AP Features, June 29th, 2007
India needs a high-profile campaigner to promote safe sex in its fight against AIDS, as Thailand had in the 1990s with a senator who became known as Mr. Condom, a top official was quoted as saying Friday.
Mechai Viravaidya, a former Cabinet minister in Thailand, emerged as an AIDS-fighting crusader in the '90s with an aggressive campaign to distribute condoms and educate the Thai public about HIV, helping to significantly cut that country's infection rate.
K. Sujatha Rao, the head of India's National AIDS Control Program told The Times of India newspaper, that India needs a similar figure.
"We are very serious about finding India's very own Mr. Condom," Rao was quoted as saying.
"He has to have a dynamic personality to change both government policy and public perceptions about HIV, AIDS, sex and condoms," Rao told the newspaper. "Most of India's AIDS epidemic is caused by sex and not infected blood transfusion."

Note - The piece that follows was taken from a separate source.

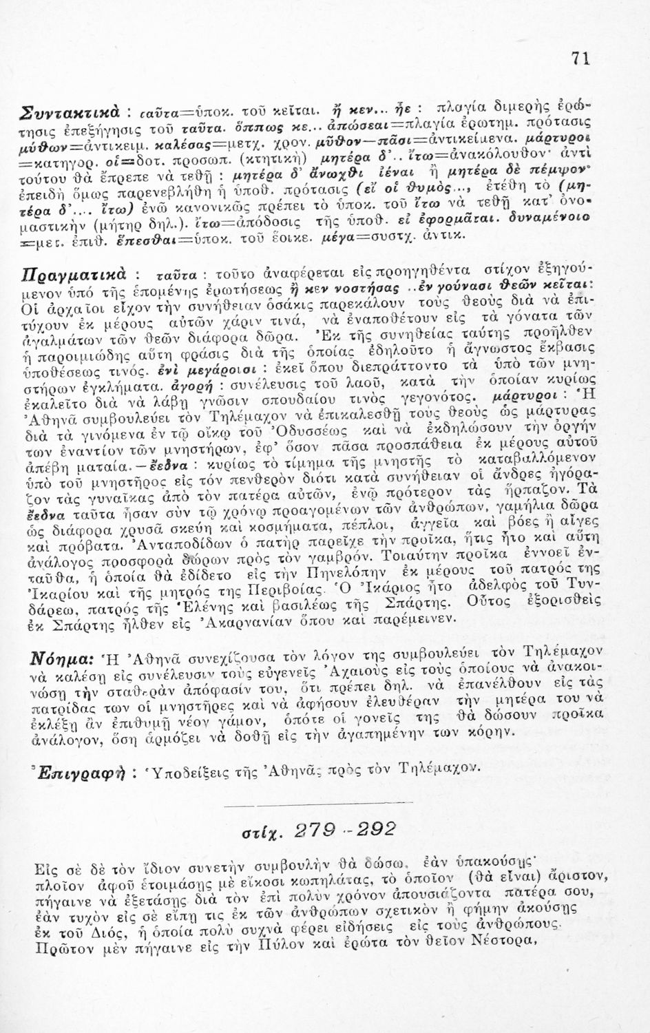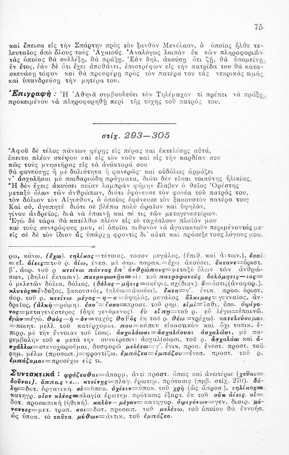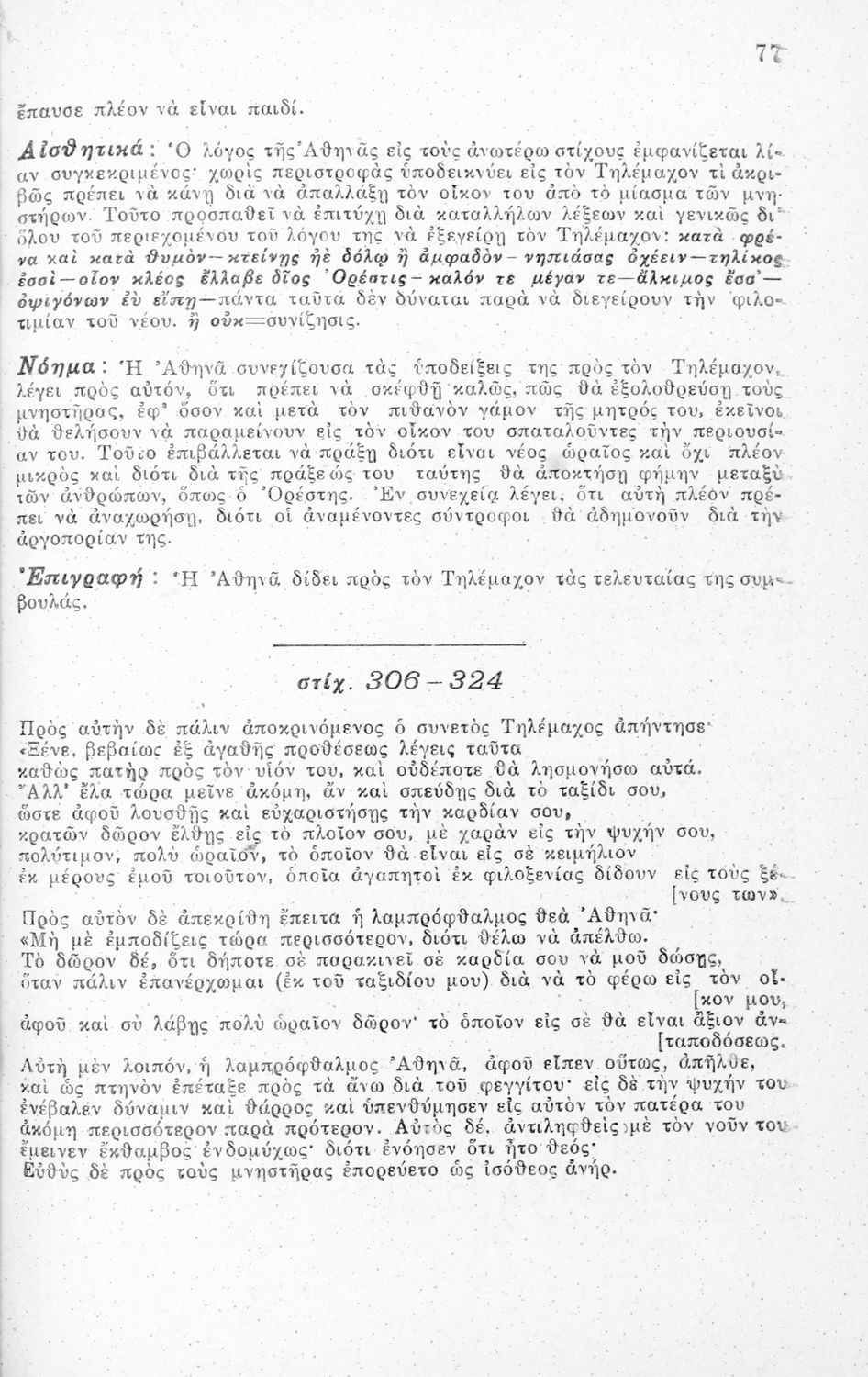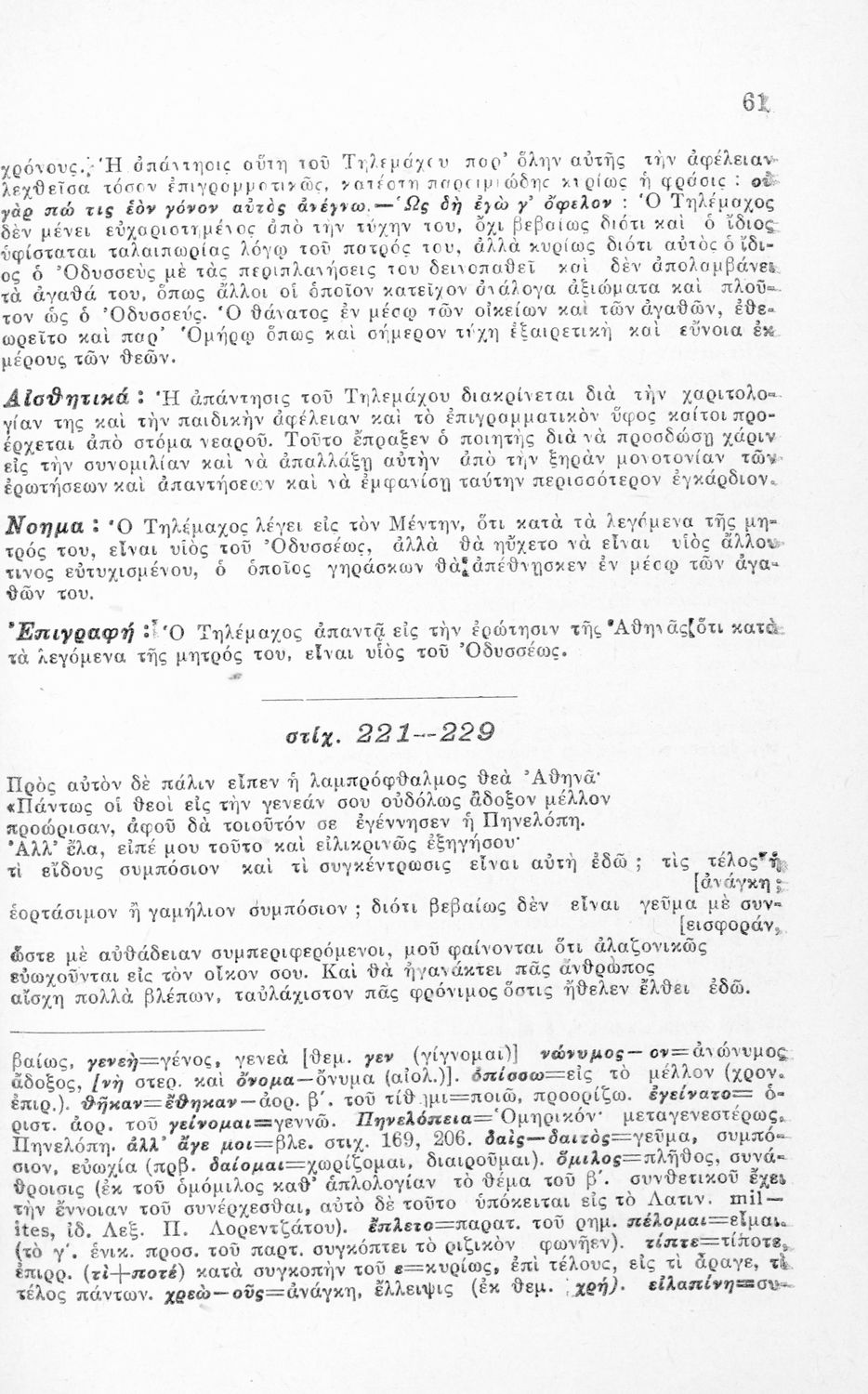 Ομήρου Οδύσσεια ραψωδία Α΄, δια τους μαθητάς της ΣΤ΄ τάξεως των Οκτατάξιων Γυμνασίων

India, a conservative country where even talking about sex is considered taboo, has faced enormous challenges in promoting condom use and safe sex.
UNAIDS said in data released last year that the country had the highest HIV infections in the world at 5.7 million.
Rao also told the newspaper that India's AIDS control program would recruit graduates from the country's top management schools to help devise strategies for promoting safe sex in the country.
In Thailand, Mechai's award-winning campaigning included visiting notorious nightspots to hand out condoms and holding contests to see who could blow condom-shaped balloons the fastest.